Apparently OSAP allows $7.50 a day, or roughly $225 a month, for a student food allowance. The Star is reporting on the extreme hardship this produces, and four intrepid students, risking starvation and perhaps even the odd foray into their own kitchens, are blogging their attempt to comply with this limit for three agonizing weeks.

One of these students felt the need to supplement this:

To cut costs, Crane will seek one of the $25 emergency grocery vouchers Brock’s student union offers cash-strapped students; this year it has upped the number of vouchers to 105 from 75 last year because of the recession.

so she now (lucky thing) has the slightly lesser horror of feeding herself on $250 a month instead of $225.

Right about now every single person living on welfare is rolling their eyes so hard they may be able to see out the backs of their heads.

I think back to fourth year, when K. and I each allocated $75 a month to groceries — $105.27 in current dollars — and we ate very well. Lots of seasonal fruit and veggies, yogurt, a little meat, lots of home-made muffins… and yes, pasta and rice but certainly not the “cheap carbo-loading” mentioned in the article as necessary. We often, as I recall, had money left over at the end of the month (with which we bought wine).

I might also look at our current grocery spending.
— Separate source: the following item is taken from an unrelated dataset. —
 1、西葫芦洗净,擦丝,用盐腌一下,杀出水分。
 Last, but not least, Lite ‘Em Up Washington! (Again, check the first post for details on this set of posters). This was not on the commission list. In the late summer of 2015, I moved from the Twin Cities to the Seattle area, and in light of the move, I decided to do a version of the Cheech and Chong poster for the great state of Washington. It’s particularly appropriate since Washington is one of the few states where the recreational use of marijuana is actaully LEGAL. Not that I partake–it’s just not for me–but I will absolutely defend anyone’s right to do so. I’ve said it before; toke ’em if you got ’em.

On average I spend about $100 a week on groceries for the three of us, so that’s $400 for the month. Every two weeks a $55 box of organic milk, eggs and veggies is delivered; another $110. And we probably spend about another $100 on wine — Well, to be generous let’s call it $150 to cover off the odd bottle of fizzy and/or a decent LBV. $400 + $110 + $150 = $660 a month.
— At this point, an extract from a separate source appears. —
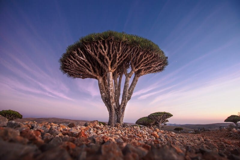 We’ve always loved the highly unusual, wildly-named Dragon’s Blood Tree, which lives only on the archipelago of Socotra, located in Yemen. The scientific name is Dracaena cinnabari.
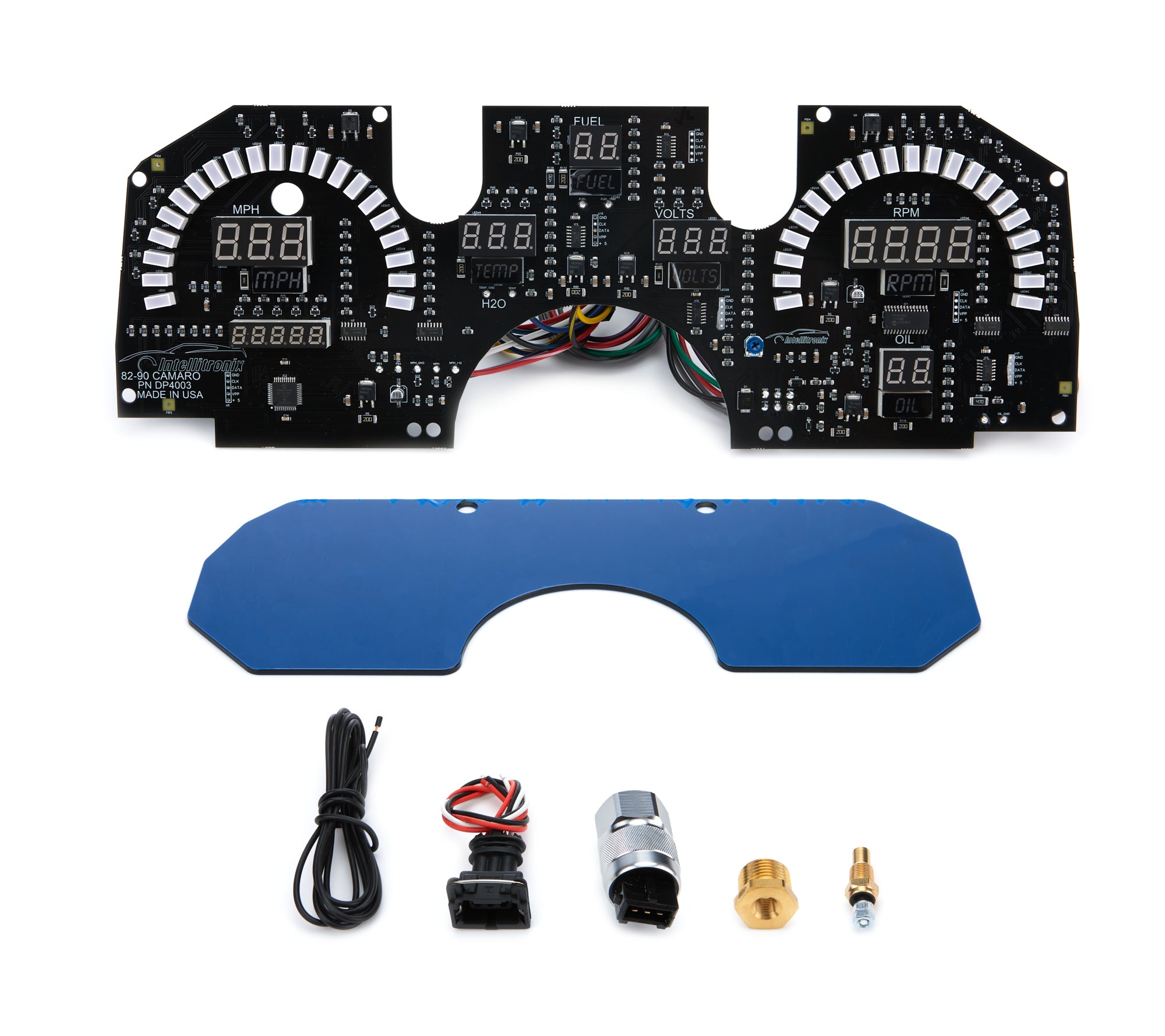 Digital Gauge Cluster - LED - Digital Gauges - Speedometer / Tachometer / Voltmeter / Oil Pressure / Water Temperature / Fuel Level - Red LED - Plastic - Black - GM F-Body 1982-90 - Kit

OSAP would allow $7.50 x 30 x 3 = $675.

To be clear, I’m not denying the challenges inherent in trying to live on the utterly inadequate amount OSAP provides if it’s your only source of income, and I won’t for a second defend a student loan system that saddles young graduates with absurdly large debts. But moaning about a $7.50-a-day food allowance isn’t going to garner much sympathy from me — or, I suspect, from the many students who are stuck feeding themselves on much, much less. ($1 a day: that’s hard.)

Come on kids: drop the entitlement and get cooking.